TASK BRIEF
Please copy the data exactly as it stands, minus the images.
╭─ PROVIDED ENTRIES
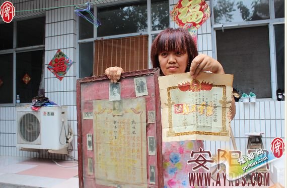 连文娟展示张双林的立功喜报和张林山的光荣纪念证
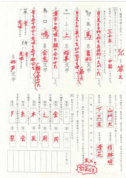 【国語】漢字の成り立ちプリント 選択肢の「未」→「末」
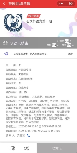 “石大外语角”始终秉持“尚语致用、众行致远”的宗旨,由申博sunbet策划并联合公司相关职能部处、员工社团等共同举办,通过师生分享交流,有助于提高口语表达能力和跨文化沟通能力,营造“讲外语”的浓厚氛围,推进校园外语文化建设,助力培养家国情怀和全球视野。
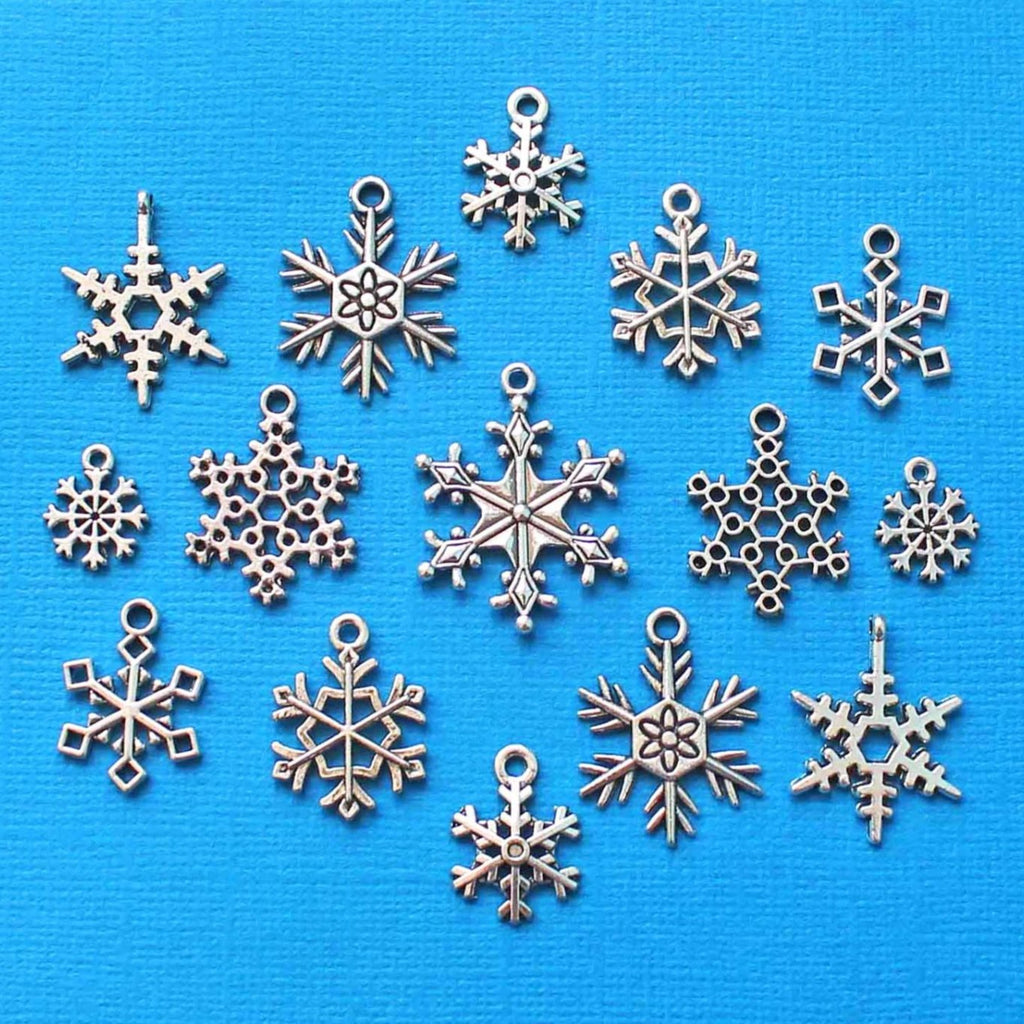 Collection sur le thème des flocons de neige de breloques argentées antiques, dans un métal en alliage de zinc. Parfait pour les bracelets, pendentifs, boucles d'oreilles, tirettes de fermeture éclair, signets et porte-clés !
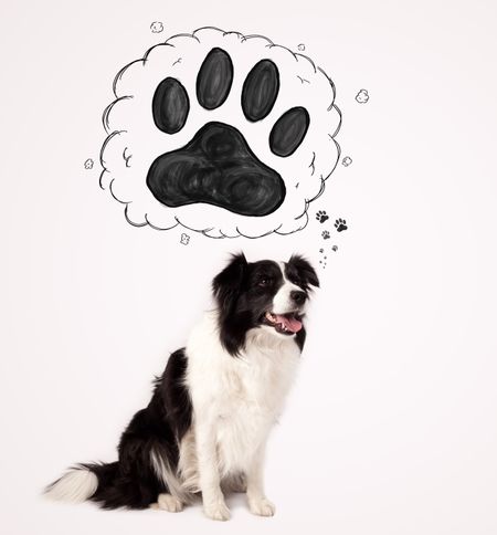 Cute black and white border collie thinking about a paw in a thought bubble above her head
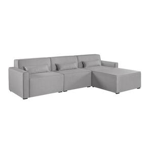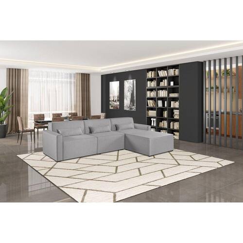 Sofá 3 Lugares com Puff 298cm Linho Lutz Yescasa Gelo - Cinza
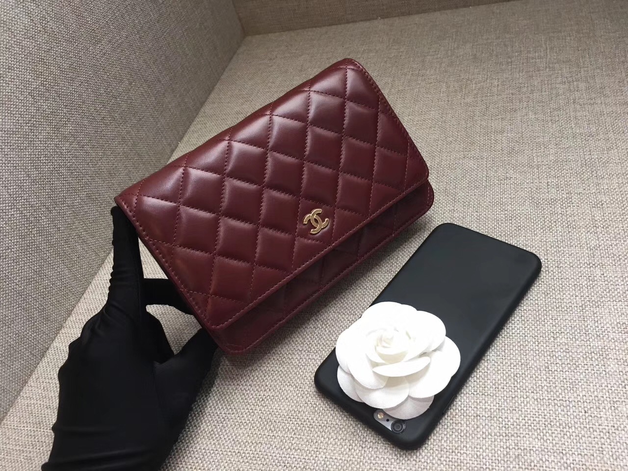 Chan.l Classic wallet on chain Lambskin Gold-tone Metal 菱格車縫線 經典款小羊皮酒紅色 金色五金金屬
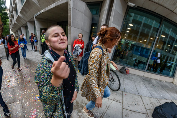 PRotesters pose for a group photo in from of the Ministry of Justice
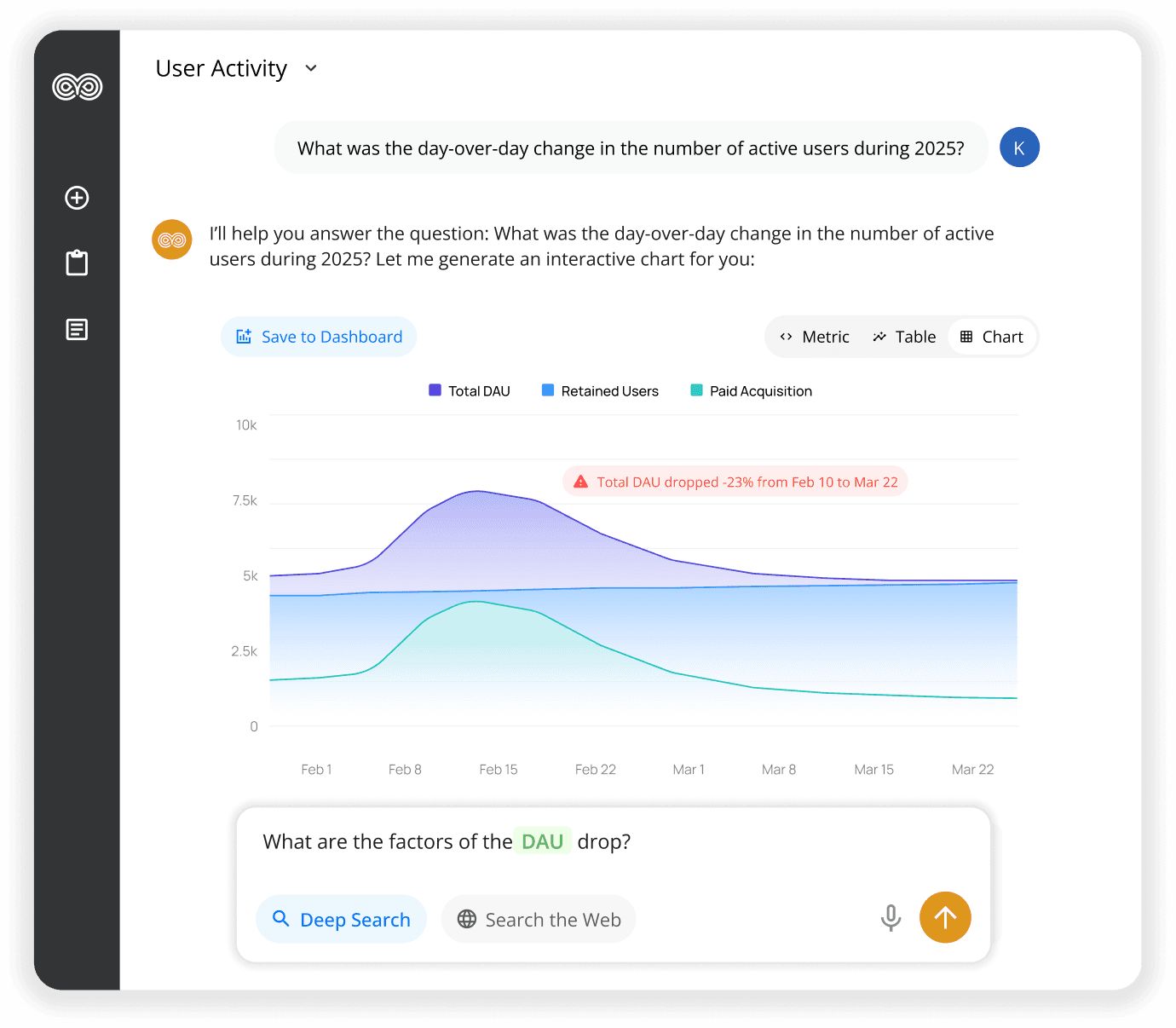 Chat • Deep Research • Dashboards
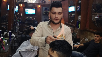 ” بالنار بدل المقص .. حلاق يقود موضة التسريحات الحلبية ” ( فيديو )
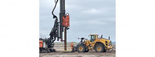 Einrammen der Verankerung für die schwimmende PV-Anlage auf dem Cottbuser Ostsee Quelle: Leag / Jan Gloßmann |
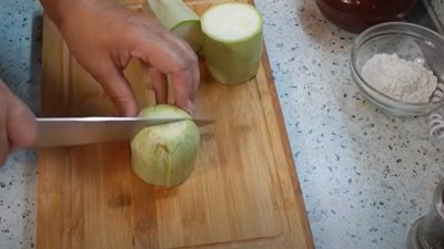 Z omyté cukety odřízněte okraje, zbytek zeleniny nakrájejte na hranolky a pokračujte s přípravou ingrediencí na obalení.
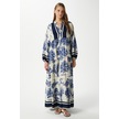 Modest Kadın Carena %100 Viskon Mavi Maksi Boy Yazlık Elbise Mavilacivertkrem Çok Renkli
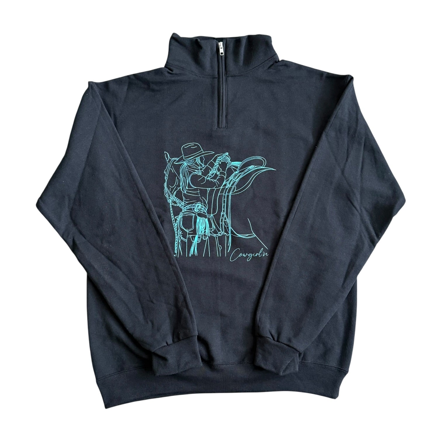Cowgirl’n Black & Turquoise 1/4 Zip Sweater
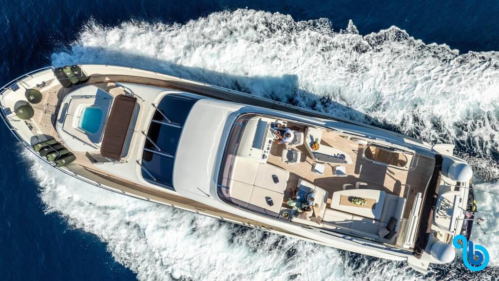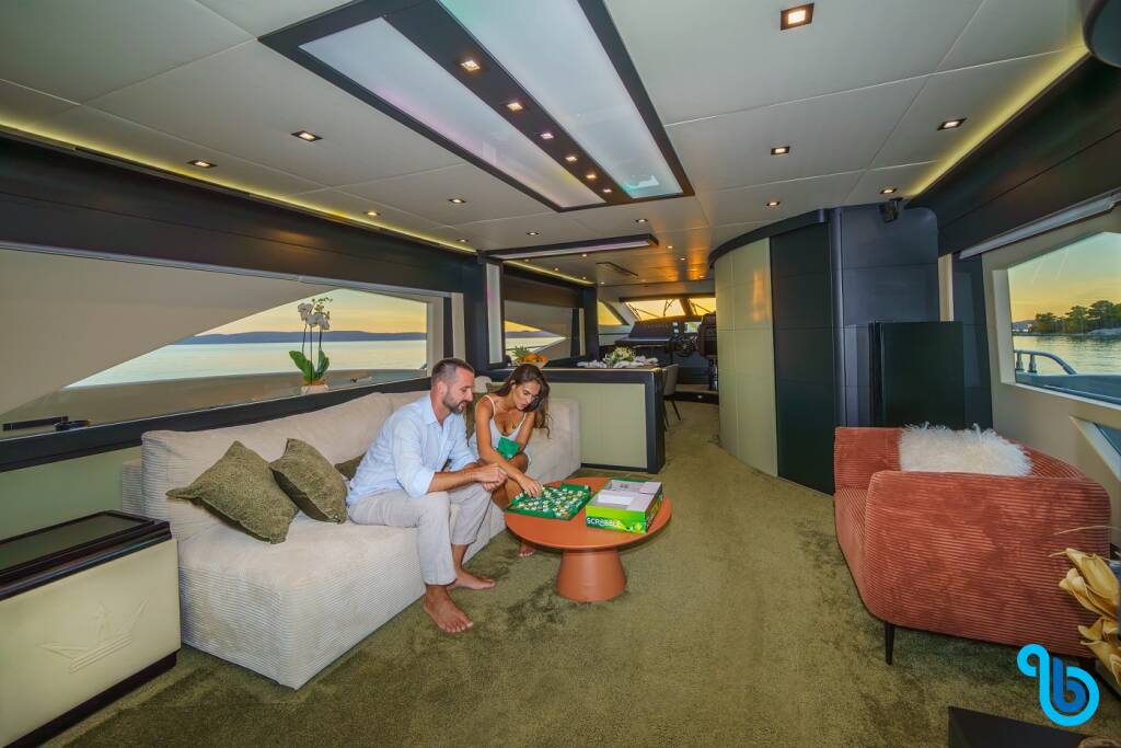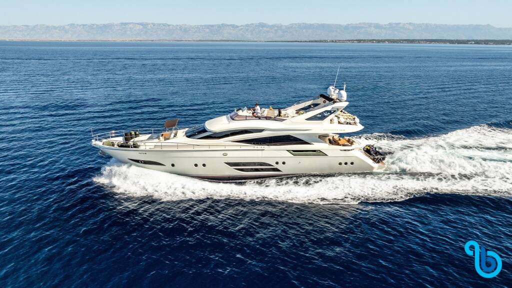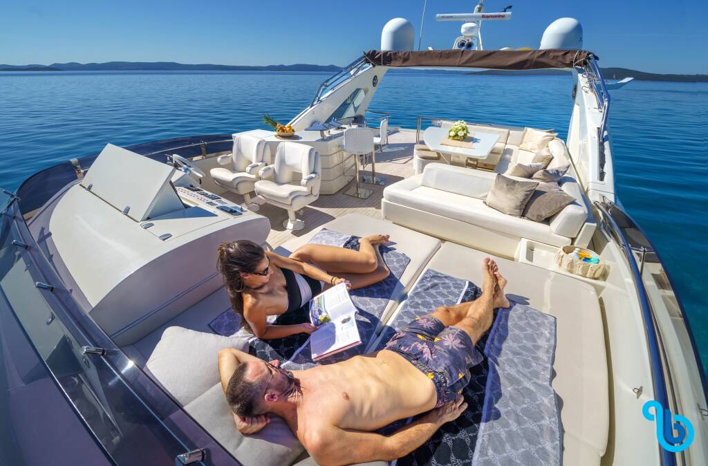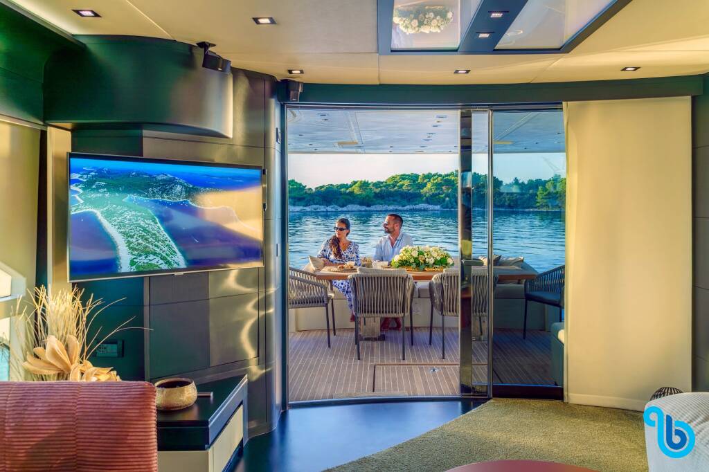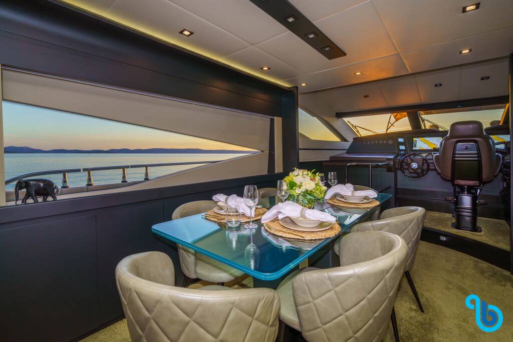 Luxus-Motoryacht Dominator 780S Deluxe Dalia, Baujahr 2009 liegt in Kroatien vor Anker. Sie hat 4 Kabinen, bietet Platz für 8 Personen.
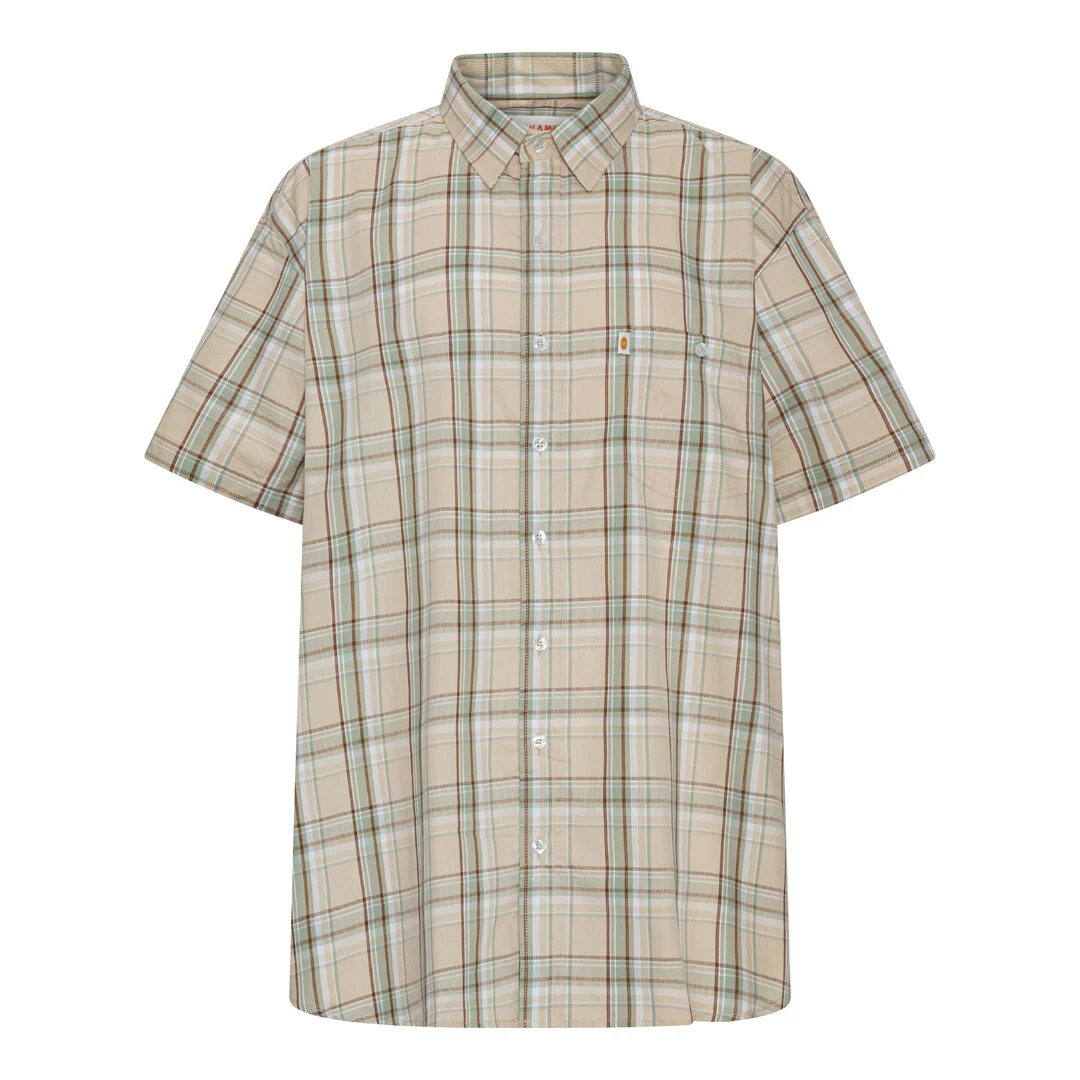 Kortærmet skjorte fra KAMRO i en let og behagelig kvalitet. Det beige ternede mønster kombinerer nuancer af grøn og brun og giver skjorten et klassisk, afslappet udtryk. Designet med brystlomme og almindelig krave er den perfekt til hverdagsbrug – både alene eller åben over en T-shirt for et mere afslappet look.
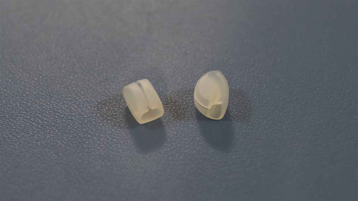 Spuneam că sunt și două manșoane. Acestea pot fi montate pe banda ce „leagă” căștile propriu-zise de elementul din spatele urechii. Vei folosi aceste manșoane dacă crezi că Sony LinkBuds Clip nu se fixează, nu se așează suficient de bine pe exteriorul urechii.
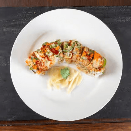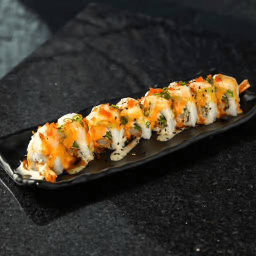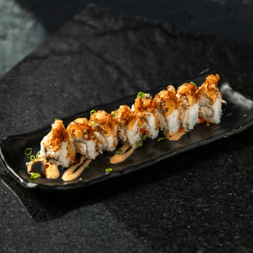 Crab, avocado, deep fried shrimp topped with spicy tuna, unagi, torched
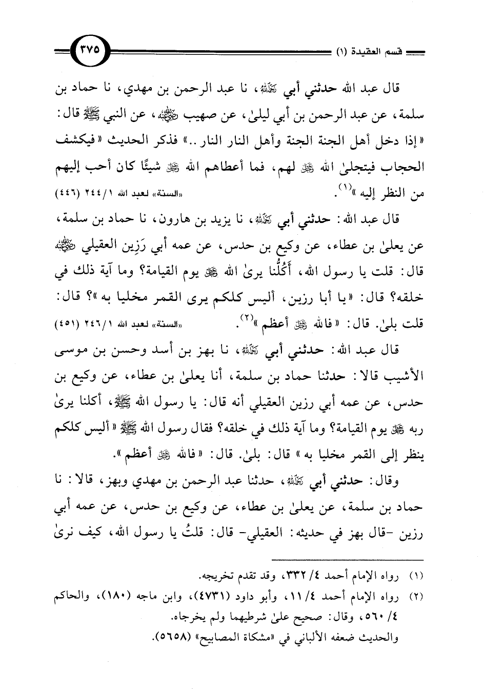 قال عبد اللَّه: حدثني أبي رحمه اللَّه، نا بهز بن أسد وحسن بن موسى الأشيب قالا: حدثنا حماد بن سلمة، أنا يعلى بن عطاء، عن وكيع بن حدس، عن عمه أبي رزين العقيلي أنه قال: يا رسول اللَّه -صلى اللَّه عليه وسلم-، أكلنا يرى ربه عَزَّ وَجَلَّ يوم القيامة؟ وما آية ذلك في خلقه؟ فقال رسول اللَّه -صلى اللَّه عليه وسلم- "أليس كلكم ينظر إلى القمر مخليا به" قال: بلى. قال: "فاللَّه عَزَّ وَجَلَّ أعظم".
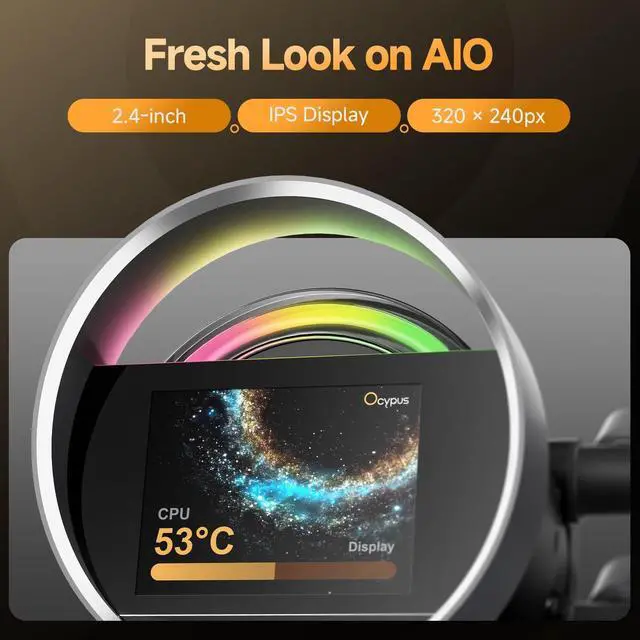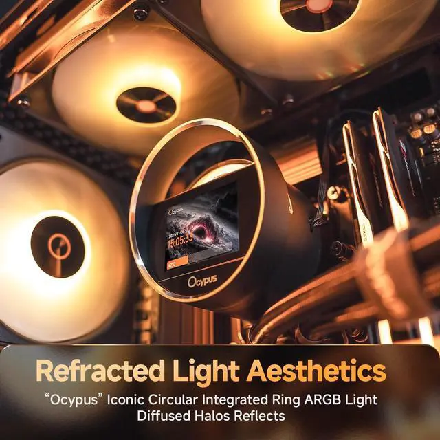 Refracted Light AestheticsDesign Futuristic Form. Crafted from aerospace-grade aluminum, the iconic circular form blends brand heritage with futuristic elegance, featuring customizable ARGB lighting effects, delivering a smooth and dynamic aesthetic. ^^ Fresh Look on AIO Paired with the all-new Ocypus Display, 2.4 inch IPS screen, 320 240 Resolution, reinvent the digital display experience, customize display at will, express your unique style without limits. ^^ Ocypus Display SoftwareThe "Ocypus Display" must be downloaded from the official Ocypus website. It supports Windows 10 / Windows 11 and requires connection via USB 2.0 port.
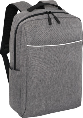 Rucksack GHENT: aus recyceltem Polyester (RPET), 1 Reißverschluss-Vorfach mit Reflektorstreifen, Reißverschluss-Hauptfach mit gepolstertem Innenfach für Laptop oder Tablet, Organizer mit 4 Steckfächern, 2 seitliche Einsteckfächer, gepolsterter Tragegriff, gepolsterte und verstellbare Schultergurte, Gurt als Reporterfunktion auf der Rückseite
╰─
ANSWER SECTION
 连文娟展示张双林的立功喜报和张林山的光荣纪念证
 【国語】漢字の成り立ちプリント 選択肢の「未」→「末」
 “石大外语角”始终秉持“尚语致用、众行致远”的宗旨,由申博sunbet策划并联合公司相关职能部处、员工社团等共同举办,通过师生分享交流,有助于提高口语表达能力和跨文化沟通能力,营造“讲外语”的浓厚氛围,推进校园外语文化建设,助力培养家国情怀和全球视野。
 Collection sur le thème des flocons de neige de breloques argentées antiques, dans un métal en alliage de zinc. Parfait pour les bracelets, pendentifs, boucles d'oreilles, tirettes de fermeture éclair, signets et porte-clés !
 Cute black and white border collie thinking about a paw in a thought bubble above her head
 Sofá 3 Lugares com Puff 298cm Linho Lutz Yescasa Gelo - Cinza
 Chan.l Classic wallet on chain Lambskin Gold-tone Metal 菱格車縫線 經典款小羊皮酒紅色 金色五金金屬
 PRotesters pose for a group photo in from of the Ministry of Justice
 Chat • Deep Research • Dashboards
 ” بالنار بدل المقص .. حلاق يقود موضة التسريحات الحلبية ” ( فيديو )
 Einrammen der Verankerung für die schwimmende PV-Anlage auf dem Cottbuser Ostsee Quelle: Leag / Jan Gloßmann |
 Z omyté cukety odřízněte okraje, zbytek zeleniny nakrájejte na hranolky a pokračujte s přípravou ingrediencí na obalení.
 Modest Kadın Carena %100 Viskon Mavi Maksi Boy Yazlık Elbise Mavilacivertkrem Çok Renkli
Cowgirl’n Black & Turquoise 1/4 Zip Sweater
 Luxus-Motoryacht Dominator 780S Deluxe Dalia, Baujahr 2009 liegt in Kroatien vor Anker. Sie hat 4 Kabinen, bietet Platz für 8 Personen.
 Kortærmet skjorte fra KAMRO i en let og behagelig kvalitet. Det beige ternede mønster kombinerer nuancer af grøn og brun og giver skjorten et klassisk, afslappet udtryk. Designet med brystlomme og almindelig krave er den perfekt til hverdagsbrug – både alene eller åben over en T-shirt for et mere afslappet look.
 Spuneam că sunt și două manșoane. Acestea pot fi montate pe banda ce „leagă” căștile propriu-zise de elementul din spatele urechii. Vei folosi aceste manșoane dacă crezi că Sony LinkBuds Clip nu se fixează, nu se așează suficient de bine pe exteriorul urechii.
 Crab, avocado, deep fried shrimp topped with spicy tuna, unagi, torched
 قال عبد اللَّه: حدثني أبي رحمه اللَّه، نا بهز بن أسد وحسن بن موسى الأشيب قالا: حدثنا حماد بن سلمة، أنا يعلى بن عطاء، عن وكيع بن حدس، عن عمه أبي رزين العقيلي أنه قال: يا رسول اللَّه -صلى اللَّه عليه وسلم-، أكلنا يرى ربه عَزَّ وَجَلَّ يوم القيامة؟ وما آية ذلك في خلقه؟ فقال رسول اللَّه -صلى اللَّه عليه وسلم- "أليس كلكم ينظر إلى القمر مخليا به" قال: بلى. قال: "فاللَّه عَزَّ وَجَلَّ أعظم".
 Refracted Light AestheticsDesign Futuristic Form. Crafted from aerospace-grade aluminum, the iconic circular form blends brand heritage with futuristic elegance, featuring customizable ARGB lighting effects, delivering a smooth and dynamic aesthetic. ^^ Fresh Look on AIO Paired with the all-new Ocypus Display, 2.4 inch IPS screen, 320 240 Resolution, reinvent the digital display experience, customize display at will, express your unique style without limits. ^^ Ocypus Display SoftwareThe "Ocypus Display" must be downloaded from the official Ocypus website. It supports Windows 10 / Windows 11 and requires connection via USB 2.0 port.
 Rucksack GHENT: aus recyceltem Polyester (RPET), 1 Reißverschluss-Vorfach mit Reflektorstreifen, Reißverschluss-Hauptfach mit gepolstertem Innenfach für Laptop oder Tablet, Organizer mit 4 Steckfächern, 2 seitliche Einsteckfächer, gepolsterter Tragegriff, gepolsterte und verstellbare Schultergurte, Gurt als Reporterfunktion auf der Rückseite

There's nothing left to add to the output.